Re-define the `conv` layer below setting the appropriate property such that the output spatial shape is the same as the input one. Look at the PyTorch documentation (`https://pytorch.org/docs/stable/nn.html#torch.nn.Conv2d`) for more reference.

In [None]:
# TO DO: define the conv layer below and ensure that the output tensor shape in dimensions {H, W} 
#( as in [1, channels, H, W] ) will be the same as the input in both cases.
conv = torch.nn.Conv2d(1, 10, 3, padding=1)

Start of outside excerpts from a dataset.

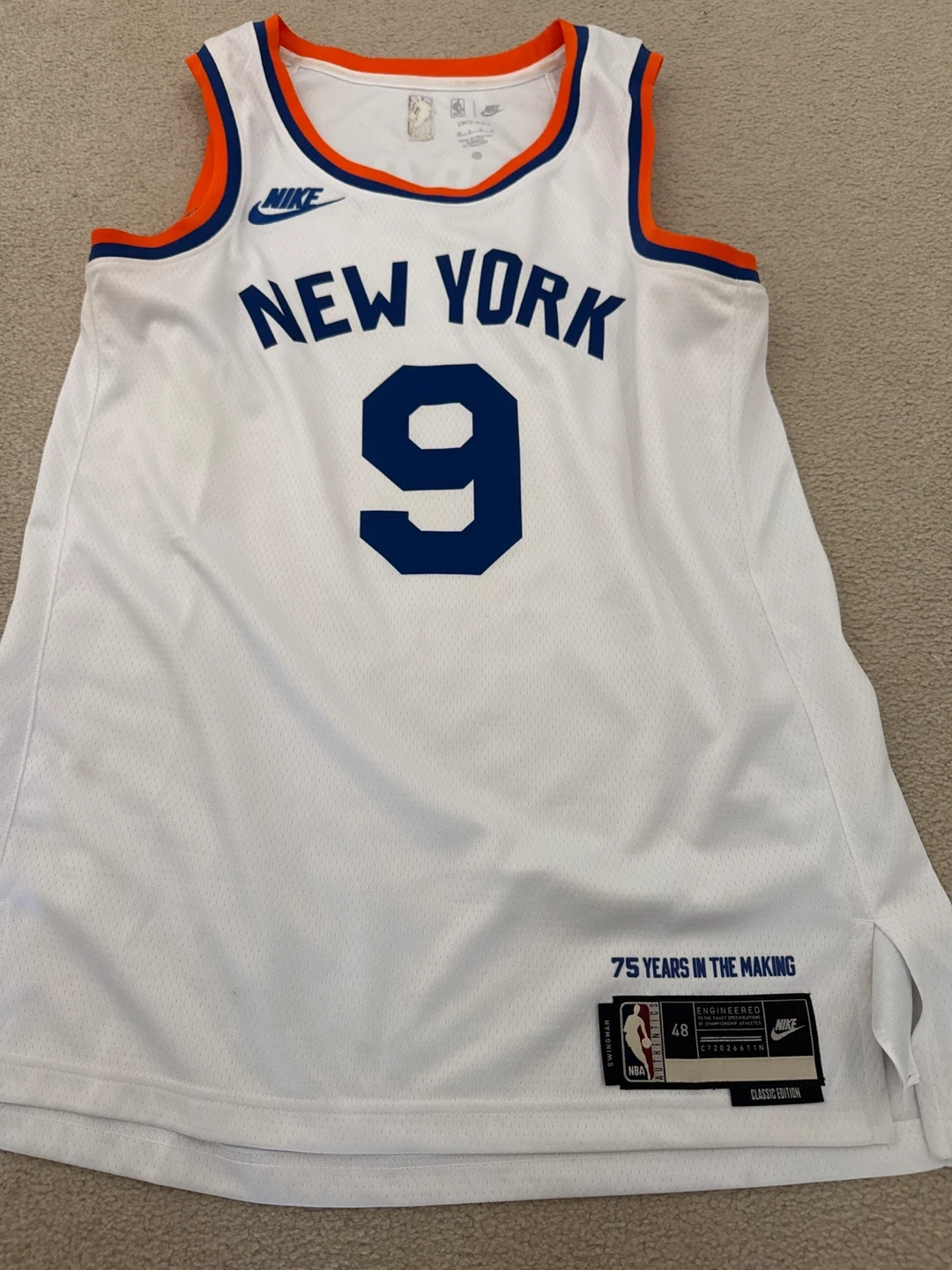 Selling a New York Knicks jersey by Nike! It's a classic edition with the number 9. The jersey commemorates 75 years in the making and is a size 48. Never been worn brand new without tags.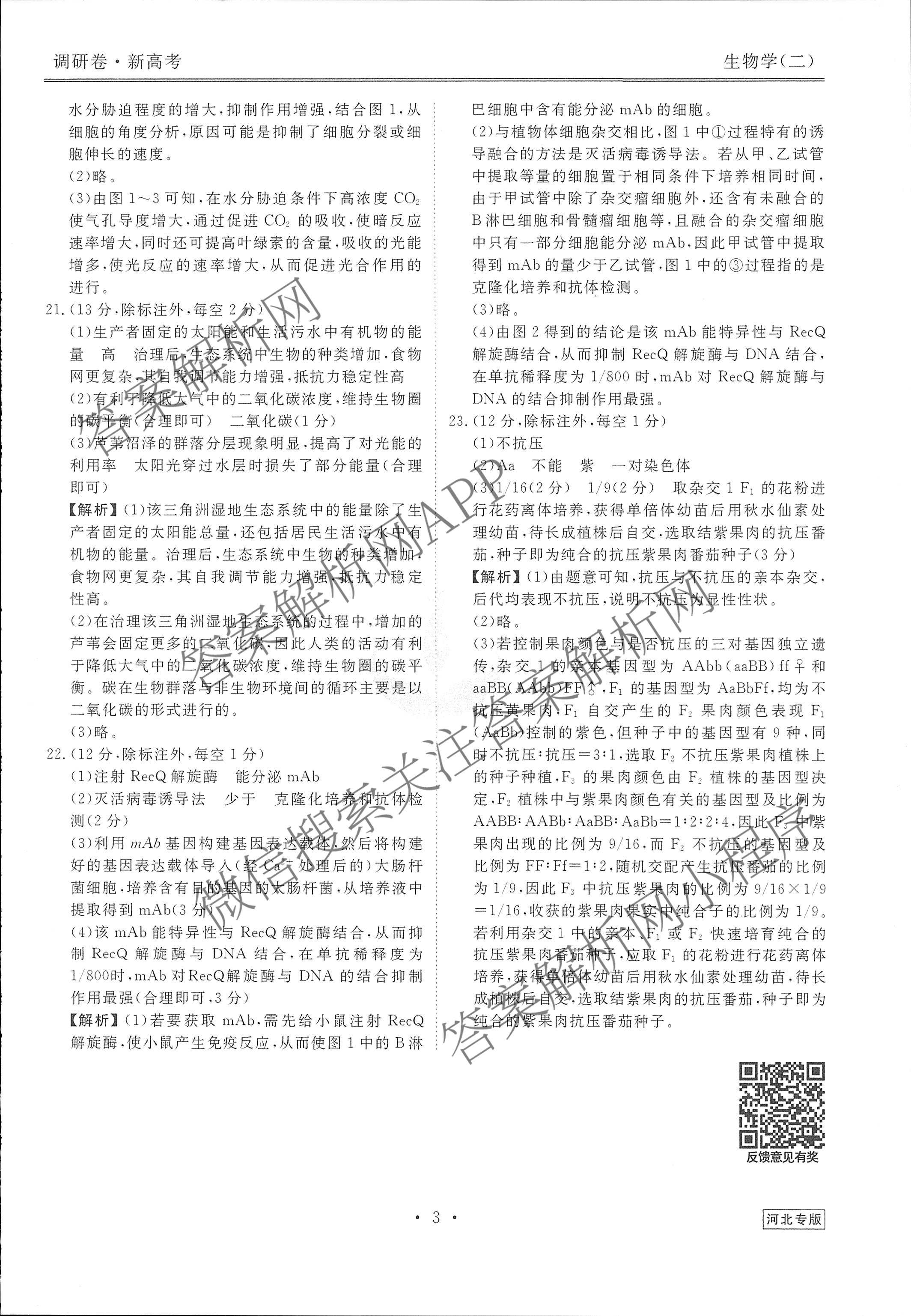 衡水金卷先享题·调研卷 2024年普通高中学业水平选择性考试模拟试题(二)2生物(河北专版)答案,目前衡水金卷先享题答案网已经汇总了衡水金卷先享题·调研卷 2024年普通高中学业水平选择性考试模拟试题(二)2生物(河北专版)答案的各科答案和试卷,获取更多衡水金卷先享题答案解析,请在关注本站。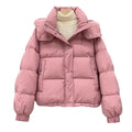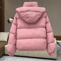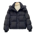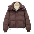 Women’s oversized hooded puffer jacket crafted from a soft cotton-polyester blend with added stretch. Features a zip-up closure, functional pockets, and a relaxed, wide fit, offering warmth and comfort for casual streetwear in autumn and winter.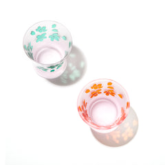 二層の色被せガラスを一つ一つ手吹きにて作り、その器に彫刻を手作業で施し、二色のコントラストで図柄を表現しています。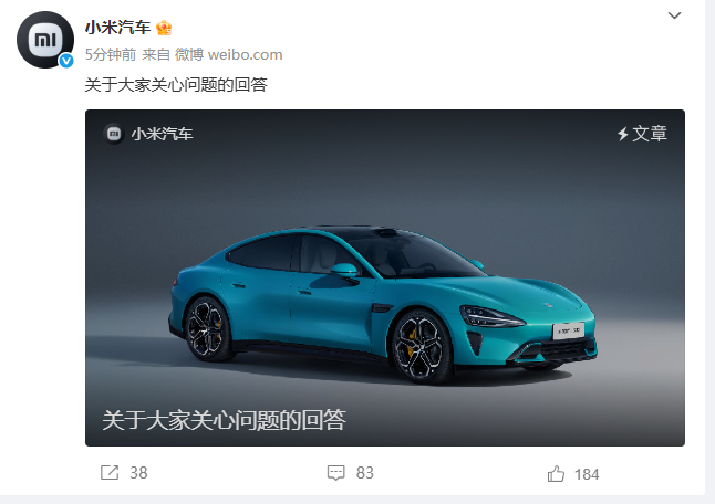 广东一辆小米SU7撞电瓶车后起火致两人死亡 官方最新回应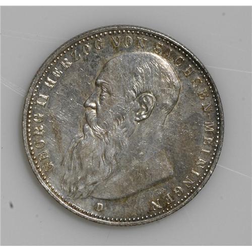 Saxe-Meiningen. Georg II 2 Mark 1902-D Short Beard, KM1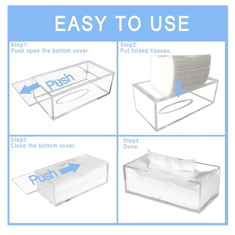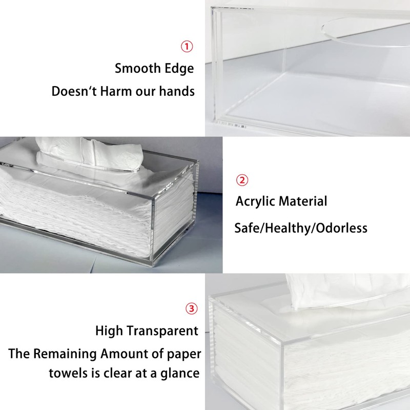 • Easy to refill: the acrylic tissue case comes with an extendable base, allows you to easily open the bottom cover, replace with a new box of tissues and slide the bottom cover back.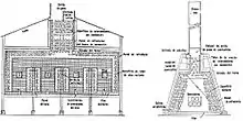 En los hornos se encuentra una zona de radiación donde el fuego pega directamente sobre los tubos horizontales o verticales (hornos de tipo rectangular) o sobre un serpentín helicoidal (hornos de tipo circular).[12] Por encima se encuentra una zona de convección que aprovecha el calor de los gases de combustión que suben desde la sección de radiación y calienta algún producto intermedio.[13]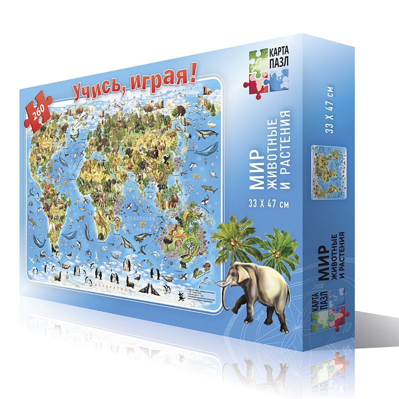 Карта-пазл "Животные и растения", 260 деталей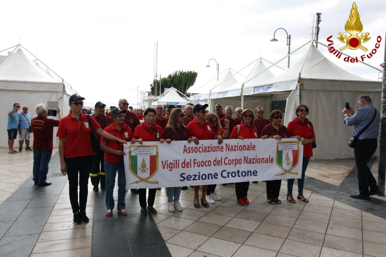Si è concluso oggi il IV raduno Regionale dell’Associazione Vigili del fuoco, organizzato dalla Sezione di Crotone. Una tre giorni intensa e piena di appuntamenti, che ha visto gli ospiti con famiglie a seguito protagonisti di visite guidate in tutto il territorio della provincia. Un gran mumero di pompieri arrivati da tutta la Calabria, che ha potuto godere grazie a delle visite guidate delle bellezze del territorio: da Le Castella, al promontorio di Hera Lacinia, al centro storico di Crotone, al museo e tutta la costa. Tre giorni che si concludono con l’appuntamento in piazza Rino Gaetano, con i relativi striscioni di ogni sezione, il saluto dell’Amministrazione Comunale, con l’Assessore Giuseppe Frisenda, che ha ringraziato i Vigili del Fuoco, e subito dopo una sfilata fino ad arrivare al Duomo dove si è celebrata una santa messa officiata da Don Ezio Limina. Dopo il pranzo di tenutosi al villaggio Casarossa, il saluto conclusivo degli organizzatori, alla presenza del Coordinatore Regionale Domenico Attisani e del Comandante Provinciale del Comando di Crotone Pier Nicola Dadone e del Comandante del Comando Provinciale di Catanzaro Mario Falbo.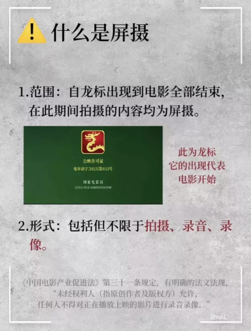 事实上,在观影过程中,在龙标之后对着银幕拍下的任何一帧画面、任何一段视频,都算“屏摄”。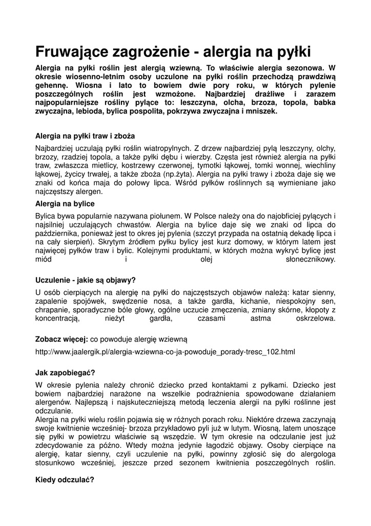 Fruwające zagrożenie - alergia na pyłki Alergia na pyłki roślin jest alergią wziewną. To właściwie alergia sezonowa. W okresie wiosenno-letnim osoby uczulone na pyłki roślin przechodzą prawdziwą gehennę. Wiosna i lato to bowiem dwie pory roku, w których pylenie poszczególnych roślin jest wzmożone. Najbardziej drażliwe i zarazem najpopularniejsze rośliny pylące to: leszczyna, olcha, brzoza, topola, babka zwyczajna, lebioda, bylica pospolita, pokrzywa zwyczajna i mniszek. Alergia na pyłki traw i zboża Najbardziej uczulają pyłki roślin wiatropylnych. Z drzew najbardziej pylą leszczyny, olchy, brzozy, rzadziej topola, a także pyłki dębu i wierzby. Częsta jest również alergia na pyłki traw, zwłaszcza mietlicy, kostrzewy czerwonej, tymotki łąkowej, tomki wonnej, wiechliny łąkowej, życicy trwałej, a także zboża (np.żyta). Alergia na pyłki trawy i zboża daje się we znaki od końca maja do połowy lipca. Wśród pyłków roślinnych są wymieniane jako najczęstszy alergen. Alergia na bylice Bylica bywa popularnie nazywana piołunem. W Polsce należy ona do najobficiej pylących i najsilniej uczulających chwastów. Alergia na bylice daje się we znaki od lipca do października, ponieważ jest to okres jej pylenia (szczyt przypada na ostatnią dekadę lipca i na cały sierpień). Skrytym źródłem pyłku bylicy jest kurz domowy, w którym latem jest najwięcej pyłków traw i bylic. Kolejnymi produktami, w których można wykryć bylicę jest miód i olej słonecznikowy. Uczulenie - jakie są objawy? U osób cierpiących na alergię na pyłki do najczęstszych objawów należą: katar sienny, zapalenie spojówek, swędzenie nosa, a także gardła, kichanie, niespokojny sen, chrapanie, sporadyczne bóle głowy, ogólne uczucie zmęczenia, zmiany skórne, kłopoty z koncentracją, nieżyt gardła, czasami astma oskrzelowa. Zobacz więcej: co powoduje alergię wziewną http://www.jaalergik.pl/alergia-wziewna-co-ja-powoduje_porady-tresc_102.html Jak zapobiegać? W okresie pylenia należy chronić dziecko przed kontaktami z pyłkami. Dziecko jest bowiem najbardziej narażone na wszelkie podrażnienia spowodowane działaniem alergenów. Najlepszą i najskuteczniejszą metodą leczenia alergii na pyłki roślinne jest odczulanie. Alergia na pyłki wielu roślin pojawia się w różnych porach roku. Niektóre drzewa zaczynają swoje kwitnienie wcześniej- brzoza przykładowo pyli już w lutym. Wiosną, latem unoszące się pyłki w powietrzu właściwie są wszędzie. W tym okresie na odczulanie jest już zdecydowanie za późno. Wtedy można jedynie łagodzić objawy. Osoby cierpiące na alergię, katar sienny, czyli uczulenie na pyłki, powinny zgłosić się do alergologa stosunkowo wcześniej, jeszcze przed sezonem kwitnienia poszczególnych roślin. Kiedy odczulać? Alergia na trawy i zboża oznacza, że już w lutym należy zacząć odczulanie. Cała kuracja polega na stopniowym przyzwyczajaniu organizmu do alergenu. Lekarz alergolog najczęściej przepisuje szczepionkę w postaci tabletek pod język albo tradycyjnych podskórnych zastrzyków. Szczepionka po okresie próbnym najczęściej zaczyna blokować rozwój substancji białkowych, które są źródłem objawów alergicznych. W przypadku alergii na pyłki chwastów odczulanie należy przeprowadzić w kwietniu. Chwasty bowiem pylą od połowy sierpnia, czasami nawet do połowy października. Przy alergii na pyłki drzew, kurację zaczynamy w październiku lub listopadzie, a po indywidualną szczepionkę należy zgłosić się pod koniec września. Jak unikać pyłków w okresie największego pylenia? W okresie największego pylenia należy zdecydowanie unikać miejsc, gdzie najmocniej pylą rośliny, na które jesteśmy uczuleni. W okresie największego pylenia zaleca się spędzanie czasu na świeżym powietrzu tylko rano po rosie albo deszczu. Należy odpowiednio się zabezpieczyć zakładając odpowiednie ubranie. Po powrocie z miejsc, gdzie występuje największe pylenie, dość ważne jest opłukanie skóry, a także zmiana odzieży, w celu pozbycia się osiadających pyłków. Jeżeli unikanie kontaktów z pyłkami nie jest skuteczne, to należy niezwłocznie zastosować odpowiednie leczenie. Lekarz-alergolog najczęściej zaleca doustne leki przeciwhistaminowe, a także krople do oczu lub nosa. Małe dzieci narażone na duże pylenie w okresie spacerów również należy odpowiednio zabezpieczyć poprzez stosowanie odzieży ochronnej, specjalnych kremów zabezpieczających, a także okularów przeciwsłonecznych, bowiem oczy w okresie pylenia są dość mocno narażone na podrażnienia. Anna Włoszek Redakcja portalu www.jaalergik.pl Artykuł zamieszczony w ramach akcji informacyjnej „Nie daj się alergii”. Więcej na temat akcji: www.jaalergik.pl/akcja_strona_101.html

x = torch.rand(1, 1, 20, 20)
y = conv(x)
print(y.shape)

x = torch.rand(1, 1, 11, 11)
y = conv(x)
print(y.shape)


torch.Size([1, 10, 20, 20])
torch.Size([1, 10, 11, 11])


## Pooling

![](https://qph.fs.quoracdn.net/main-qimg-40cdeb3b43594f4b1b1b6e2c137e80b7)

In [None]:
NUM_BITS_FLOAT32 = 32

class CNNMemAnalyzer(nn.Module):

  def __init__(self, layers):
    super().__init__()
    self.layers = layers
  
  def forward(self, x):
    tot_mbytes = 0
    spat_res = []
    for layer in self.layers:
      h = layer(x)
      mem_h_bytes = np.cumprod(h.shape)[-1] * NUM_BITS_FLOAT32 // 8
      mem_h_mb = mem_h_bytes / 1e6
      print('-' * 30)
      print('New feature map of shape: ', h.shape)
      print('Mem usage: {} MB'.format(mem_h_mb))
      x = h
      if isinstance(layer, nn.Conv2d):
        # keep track of the current spatial width for conv layers
        spat_res.append(h.shape[-1])
      tot_mbytes += mem_h_mb
    print('=' * 30)
    print('Total used memory: {:.2f} MB'.format(tot_mbytes))
    return tot_mbytes, spat_res


In [None]:
cnn = CNNMemAnalyzer(nn.ModuleList([
                                    nn.Conv2d(1, 32, 3),
                                    nn.Conv2d(32, 64, 3),
                                    nn.Conv2d(64, 64, 3),
                                    nn.Conv2d(64, 128, 3),
                                    nn.Conv2d(128, 512, 3),
]))


In [None]:
tot_mbytes, spat_res = cnn(torch.randn(1, 1, 512, 512))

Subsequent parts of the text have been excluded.